Question

Determine whether the sequence with th given \(n\) th term is monotonic. Discuss the boundedness of th sequence. Use a graphing utility to confirm your results. \(a_{n}=\left(-\frac{2}{3}\right)^{n}\)

Short answer

The sequence \(a_{n}=\left(-\frac{2}{3}\right)^{n}\) is not monotonic because it alternates between negative and positive. It is bounded below by 0 and above by \(- \frac{2}{3}\).

Step-by-step solution

Determine Monotonicity

To determine if the sequence \(a_{n}=\left(-\frac{2}{3}\right)^{n}\) is monotonic, compare two consecutive terms, \(a_{n}\) and \(a_{n+1}\), and check if its either strictly increasing or decreasing. \n For \(n=1\) , \(a_{1}=\left(-\frac{2}{3}\right)^{1}= - \frac{2}{3}\) and for \(n=2\), \(a_{2}=\left(-\frac{2}{3}\right)^{2}= \frac{4}{9}\). Since -2/3 is less than 4/9, the sequence is increasing at this point. But to determine overall monotonicity a pattern needs to be established by checking more terms or looking at the general form of the sequence. Considering the power \(n\), if \(n\) is even the term is positive and if \(n\) is odd the term is negative. Therefore for \(n = 3\), \(a_{3}=\left(-\frac{2}{3}\right)^{3}= \left(-\frac{8}{27}\right)\). As expected, \(a_{3}\) is, again, less than \(a_{2}\), so the sequence alternates between negative and positive values. Hence, it is not monotonic.

Boundedness

Next, we need to check the boundedness of the sequence. Boundedness involves checking the maximum and minimum limits of the sequence. Since \(n\) is in the exponent, this sequence will gradually get smaller in magnitude over time regardless if the outcome is positive or negative depending on the parity of \(n\). So, considering \(n\geq1\) (since \(n=0\) would give the result 1 which is not pattern confirming), the sequence is always less than or equal to \(- \frac{2}{3}\) and greater than 0, hence it is bounded below by 0 and above by \(- \frac{2}{3}\).
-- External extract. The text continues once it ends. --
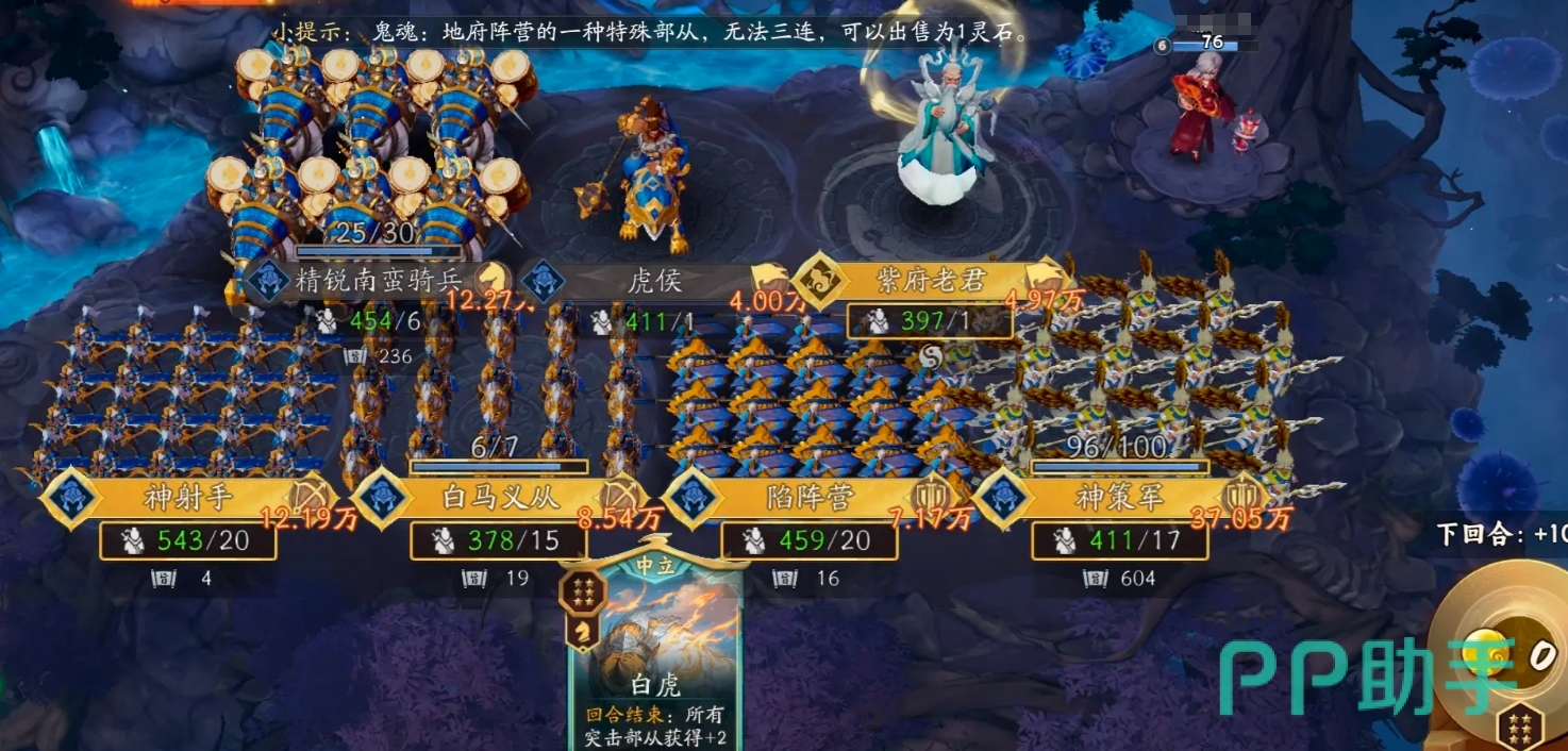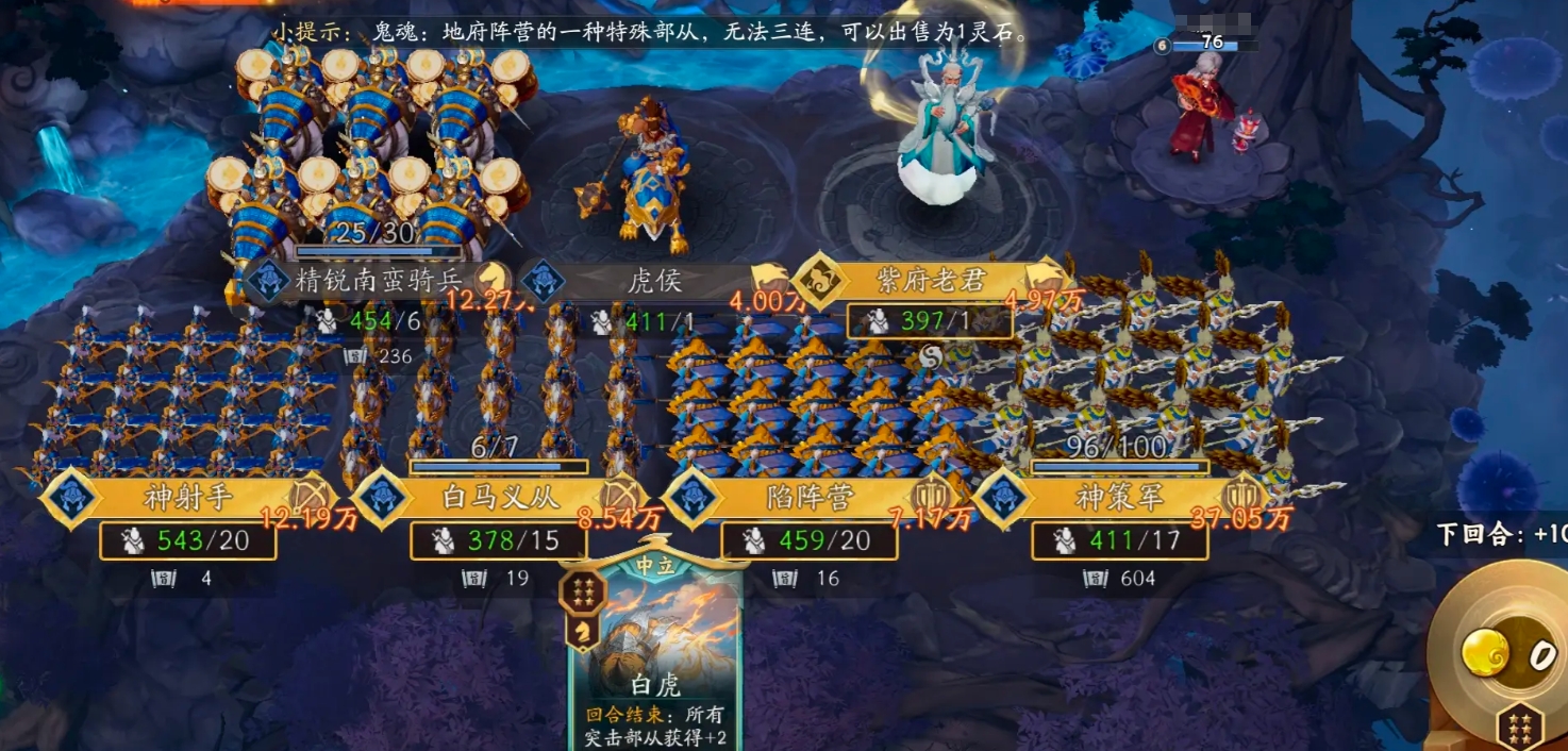 实战运营中,优先完成天书升级以尽早获取虎侯与紫府老君是核心策略。起手阶段应集中资源堆叠皇恩数量,确保虎侯能稳定触发基础效果;随后借助紫府老君的“额外发动一次”特性,将虎侯的增益循环反复激活,从而在单回合内快速铺开大量高战力部从。进入终局对战时,若手中尚存未使用的皇恩或具备皇恩赋予能力的支援牌,即可集中释放,形成连锁反应,实现部从数量与总战力的跃迁式提升,达成决定性压制。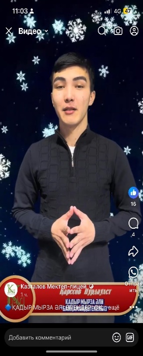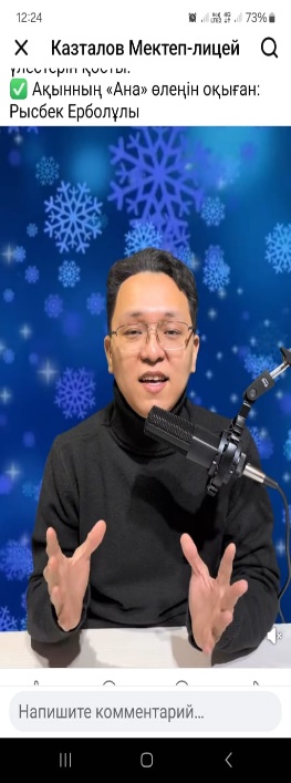 05.01.2025 ж Казталов мектеп-лицейінде қысқы каникул кезіндегі іс-шаралар жоспарына сәйкес “Отбасыммен өткен қызықты сәт” тақырыбындағы түсірілген бейнероликтер әлеуметтік желіге орналастырылды.

Confirm with Graphing Utility

This step consists of making a graph of the given sequence. Separate the even \(n\) and odd \(n\), because the sequence is alternatively negative and positive. Plotting the numbers on the x-axis with their corresponding sequence outputs on the y-axis, the behavior of the function can be observed. It should be noted that the sequence values will continue to shrink in magnitude towards 0 as \(n\) increases. This provides a visual confirmation of the boundedness and non-monotonic behavior of this sequence.